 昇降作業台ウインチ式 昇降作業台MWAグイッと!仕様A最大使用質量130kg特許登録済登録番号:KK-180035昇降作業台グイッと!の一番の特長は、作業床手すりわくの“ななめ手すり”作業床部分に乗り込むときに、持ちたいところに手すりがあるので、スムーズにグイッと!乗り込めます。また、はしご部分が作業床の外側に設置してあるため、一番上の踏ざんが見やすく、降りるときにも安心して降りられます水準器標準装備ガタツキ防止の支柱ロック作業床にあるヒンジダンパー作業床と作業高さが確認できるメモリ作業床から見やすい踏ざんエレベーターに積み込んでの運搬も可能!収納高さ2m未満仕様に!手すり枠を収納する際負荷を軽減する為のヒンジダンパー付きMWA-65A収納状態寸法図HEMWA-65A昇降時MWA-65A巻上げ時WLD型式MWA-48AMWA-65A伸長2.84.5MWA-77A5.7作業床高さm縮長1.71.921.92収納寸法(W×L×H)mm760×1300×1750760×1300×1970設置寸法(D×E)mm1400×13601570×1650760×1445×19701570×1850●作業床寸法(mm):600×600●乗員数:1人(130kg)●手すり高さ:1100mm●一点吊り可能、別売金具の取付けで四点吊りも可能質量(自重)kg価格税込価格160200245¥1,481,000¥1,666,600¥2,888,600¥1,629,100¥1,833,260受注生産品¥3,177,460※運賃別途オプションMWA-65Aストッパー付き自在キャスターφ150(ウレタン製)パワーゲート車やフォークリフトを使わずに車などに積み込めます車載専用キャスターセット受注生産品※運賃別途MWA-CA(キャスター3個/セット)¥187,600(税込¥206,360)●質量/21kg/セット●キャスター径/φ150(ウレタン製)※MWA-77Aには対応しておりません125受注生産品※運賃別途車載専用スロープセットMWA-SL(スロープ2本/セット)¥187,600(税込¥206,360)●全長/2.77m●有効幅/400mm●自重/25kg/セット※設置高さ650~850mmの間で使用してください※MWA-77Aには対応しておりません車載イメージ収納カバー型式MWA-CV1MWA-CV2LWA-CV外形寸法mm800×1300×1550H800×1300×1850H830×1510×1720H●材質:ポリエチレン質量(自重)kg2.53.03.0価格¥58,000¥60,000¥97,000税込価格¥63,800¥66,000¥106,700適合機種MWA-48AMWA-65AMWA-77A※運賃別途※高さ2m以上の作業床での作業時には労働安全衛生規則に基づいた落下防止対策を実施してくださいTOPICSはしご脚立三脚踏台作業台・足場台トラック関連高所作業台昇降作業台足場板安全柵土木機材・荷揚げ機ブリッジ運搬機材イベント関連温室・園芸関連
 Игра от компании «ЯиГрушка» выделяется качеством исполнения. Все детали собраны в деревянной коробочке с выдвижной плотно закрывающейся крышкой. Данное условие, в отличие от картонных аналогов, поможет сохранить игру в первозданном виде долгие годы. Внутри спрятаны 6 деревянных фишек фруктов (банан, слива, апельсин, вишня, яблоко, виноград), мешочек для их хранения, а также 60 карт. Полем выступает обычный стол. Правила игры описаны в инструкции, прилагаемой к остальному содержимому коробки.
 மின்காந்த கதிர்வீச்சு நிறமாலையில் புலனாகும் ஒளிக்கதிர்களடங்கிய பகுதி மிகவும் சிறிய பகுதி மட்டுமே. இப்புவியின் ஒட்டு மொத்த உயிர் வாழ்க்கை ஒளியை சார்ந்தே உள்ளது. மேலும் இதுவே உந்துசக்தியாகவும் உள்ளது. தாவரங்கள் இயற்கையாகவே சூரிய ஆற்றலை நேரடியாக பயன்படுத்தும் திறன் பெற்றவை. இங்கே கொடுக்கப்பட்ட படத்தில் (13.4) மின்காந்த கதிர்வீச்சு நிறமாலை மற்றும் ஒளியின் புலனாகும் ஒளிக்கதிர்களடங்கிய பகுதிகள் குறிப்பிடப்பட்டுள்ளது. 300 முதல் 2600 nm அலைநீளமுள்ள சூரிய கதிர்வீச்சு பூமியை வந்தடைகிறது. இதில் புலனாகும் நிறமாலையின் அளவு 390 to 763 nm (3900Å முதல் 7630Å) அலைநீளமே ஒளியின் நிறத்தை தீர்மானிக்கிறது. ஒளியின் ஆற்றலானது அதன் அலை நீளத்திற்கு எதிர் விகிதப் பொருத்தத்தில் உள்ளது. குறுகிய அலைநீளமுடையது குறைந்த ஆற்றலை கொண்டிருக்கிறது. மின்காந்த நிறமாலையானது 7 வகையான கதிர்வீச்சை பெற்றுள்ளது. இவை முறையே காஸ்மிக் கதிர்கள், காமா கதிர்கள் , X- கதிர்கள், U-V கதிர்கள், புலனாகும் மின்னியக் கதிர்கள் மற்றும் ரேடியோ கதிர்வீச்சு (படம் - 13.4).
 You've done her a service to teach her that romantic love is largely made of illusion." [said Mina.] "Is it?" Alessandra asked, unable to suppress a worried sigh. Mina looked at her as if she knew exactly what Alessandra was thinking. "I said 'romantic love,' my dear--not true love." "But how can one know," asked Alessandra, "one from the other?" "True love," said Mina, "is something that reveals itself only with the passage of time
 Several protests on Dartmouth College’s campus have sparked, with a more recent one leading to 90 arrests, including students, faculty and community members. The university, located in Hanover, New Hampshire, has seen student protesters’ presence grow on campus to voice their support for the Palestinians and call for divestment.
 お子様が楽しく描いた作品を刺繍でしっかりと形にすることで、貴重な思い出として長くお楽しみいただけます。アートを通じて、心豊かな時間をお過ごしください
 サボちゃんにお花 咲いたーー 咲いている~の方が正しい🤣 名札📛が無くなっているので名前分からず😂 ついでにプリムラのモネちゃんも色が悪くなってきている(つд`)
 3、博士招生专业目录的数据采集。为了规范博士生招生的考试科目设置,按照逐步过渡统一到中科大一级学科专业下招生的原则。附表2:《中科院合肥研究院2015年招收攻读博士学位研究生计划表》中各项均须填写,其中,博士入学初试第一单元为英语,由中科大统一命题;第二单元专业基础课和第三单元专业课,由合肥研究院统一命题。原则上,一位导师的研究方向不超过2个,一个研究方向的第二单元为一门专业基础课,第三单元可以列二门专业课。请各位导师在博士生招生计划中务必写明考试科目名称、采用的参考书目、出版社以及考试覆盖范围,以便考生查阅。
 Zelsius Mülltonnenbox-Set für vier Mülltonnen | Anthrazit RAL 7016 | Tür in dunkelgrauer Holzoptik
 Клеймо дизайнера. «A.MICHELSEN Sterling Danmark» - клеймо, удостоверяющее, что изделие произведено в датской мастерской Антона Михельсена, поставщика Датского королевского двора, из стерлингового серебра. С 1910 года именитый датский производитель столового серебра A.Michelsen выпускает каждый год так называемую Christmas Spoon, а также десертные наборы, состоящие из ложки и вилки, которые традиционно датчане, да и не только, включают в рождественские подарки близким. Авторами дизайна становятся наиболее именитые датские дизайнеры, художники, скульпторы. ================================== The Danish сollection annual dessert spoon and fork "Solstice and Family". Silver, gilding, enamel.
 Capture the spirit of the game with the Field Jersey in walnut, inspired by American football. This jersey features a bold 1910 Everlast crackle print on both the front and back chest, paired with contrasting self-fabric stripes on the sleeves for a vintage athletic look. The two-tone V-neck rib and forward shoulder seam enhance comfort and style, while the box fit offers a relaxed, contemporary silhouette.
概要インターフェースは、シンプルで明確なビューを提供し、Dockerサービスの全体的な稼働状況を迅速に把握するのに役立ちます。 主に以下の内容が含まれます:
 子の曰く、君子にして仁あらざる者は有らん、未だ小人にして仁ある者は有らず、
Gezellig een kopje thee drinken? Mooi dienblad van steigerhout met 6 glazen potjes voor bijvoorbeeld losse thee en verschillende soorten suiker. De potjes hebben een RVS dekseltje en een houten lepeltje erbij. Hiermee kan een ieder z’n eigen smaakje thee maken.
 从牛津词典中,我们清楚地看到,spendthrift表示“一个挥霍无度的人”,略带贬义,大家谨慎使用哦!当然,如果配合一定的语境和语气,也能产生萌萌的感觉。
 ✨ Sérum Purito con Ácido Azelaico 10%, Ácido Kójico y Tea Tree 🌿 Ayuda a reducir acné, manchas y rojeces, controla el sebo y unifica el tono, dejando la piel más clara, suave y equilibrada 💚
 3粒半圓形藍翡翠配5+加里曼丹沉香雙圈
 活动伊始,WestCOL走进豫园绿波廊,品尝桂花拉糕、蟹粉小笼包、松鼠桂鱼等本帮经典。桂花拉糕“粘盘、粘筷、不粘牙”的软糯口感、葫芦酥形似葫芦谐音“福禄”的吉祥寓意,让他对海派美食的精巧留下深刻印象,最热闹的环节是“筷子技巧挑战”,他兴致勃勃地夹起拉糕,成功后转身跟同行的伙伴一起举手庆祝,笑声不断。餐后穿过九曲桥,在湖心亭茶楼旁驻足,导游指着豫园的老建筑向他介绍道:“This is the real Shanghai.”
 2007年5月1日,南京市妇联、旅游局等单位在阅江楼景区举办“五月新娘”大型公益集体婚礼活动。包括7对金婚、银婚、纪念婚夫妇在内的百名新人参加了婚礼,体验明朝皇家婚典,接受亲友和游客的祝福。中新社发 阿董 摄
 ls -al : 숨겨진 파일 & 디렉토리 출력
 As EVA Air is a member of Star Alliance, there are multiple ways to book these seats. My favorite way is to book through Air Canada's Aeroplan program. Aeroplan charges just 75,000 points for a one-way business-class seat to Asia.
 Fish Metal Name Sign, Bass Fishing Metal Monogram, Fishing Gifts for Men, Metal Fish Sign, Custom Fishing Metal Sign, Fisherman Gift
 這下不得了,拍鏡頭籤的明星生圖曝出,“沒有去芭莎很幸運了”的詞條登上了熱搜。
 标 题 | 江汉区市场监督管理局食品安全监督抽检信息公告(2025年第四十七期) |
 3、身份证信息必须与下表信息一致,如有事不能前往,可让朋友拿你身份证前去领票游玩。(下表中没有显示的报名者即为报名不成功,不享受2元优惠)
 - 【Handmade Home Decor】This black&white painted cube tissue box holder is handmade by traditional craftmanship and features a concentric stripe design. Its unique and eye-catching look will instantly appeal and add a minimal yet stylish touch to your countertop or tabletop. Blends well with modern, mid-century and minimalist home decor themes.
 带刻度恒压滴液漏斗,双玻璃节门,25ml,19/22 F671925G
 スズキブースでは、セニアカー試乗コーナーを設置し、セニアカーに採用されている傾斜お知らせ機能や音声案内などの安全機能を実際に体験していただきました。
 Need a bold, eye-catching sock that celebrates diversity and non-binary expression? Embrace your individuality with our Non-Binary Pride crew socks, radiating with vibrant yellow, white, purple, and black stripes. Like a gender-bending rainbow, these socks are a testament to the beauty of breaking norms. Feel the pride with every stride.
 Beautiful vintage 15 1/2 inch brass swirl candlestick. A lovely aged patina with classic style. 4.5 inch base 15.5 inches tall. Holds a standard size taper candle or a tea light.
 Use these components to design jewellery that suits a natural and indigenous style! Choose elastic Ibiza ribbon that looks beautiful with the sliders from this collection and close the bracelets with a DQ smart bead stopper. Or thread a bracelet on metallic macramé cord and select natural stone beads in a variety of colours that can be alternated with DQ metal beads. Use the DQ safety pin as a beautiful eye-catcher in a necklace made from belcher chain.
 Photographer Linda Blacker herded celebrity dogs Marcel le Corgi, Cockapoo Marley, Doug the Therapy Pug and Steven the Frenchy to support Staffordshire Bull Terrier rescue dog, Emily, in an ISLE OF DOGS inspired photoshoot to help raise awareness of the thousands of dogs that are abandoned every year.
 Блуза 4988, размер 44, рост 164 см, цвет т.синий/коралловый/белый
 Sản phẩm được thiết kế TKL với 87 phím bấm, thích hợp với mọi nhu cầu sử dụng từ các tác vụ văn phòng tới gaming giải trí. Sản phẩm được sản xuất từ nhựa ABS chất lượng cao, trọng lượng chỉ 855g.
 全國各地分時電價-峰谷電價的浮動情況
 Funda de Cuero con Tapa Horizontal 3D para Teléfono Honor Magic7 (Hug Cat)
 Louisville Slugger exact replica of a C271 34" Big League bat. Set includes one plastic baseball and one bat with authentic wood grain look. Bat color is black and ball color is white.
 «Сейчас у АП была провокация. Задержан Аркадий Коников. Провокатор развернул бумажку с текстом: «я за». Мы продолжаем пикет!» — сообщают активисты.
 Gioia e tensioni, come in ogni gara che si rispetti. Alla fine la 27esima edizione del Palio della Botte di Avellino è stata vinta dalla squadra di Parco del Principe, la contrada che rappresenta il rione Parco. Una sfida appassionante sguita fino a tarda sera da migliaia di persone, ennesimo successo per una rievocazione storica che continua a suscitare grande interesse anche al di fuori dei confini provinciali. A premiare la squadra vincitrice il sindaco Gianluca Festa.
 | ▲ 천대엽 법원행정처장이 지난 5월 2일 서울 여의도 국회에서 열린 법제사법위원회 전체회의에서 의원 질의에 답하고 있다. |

....

### Task objective:
The string "every" may appear in the lines of the records above. State how many lines contain it, with no other words.

### Solution for this task:
2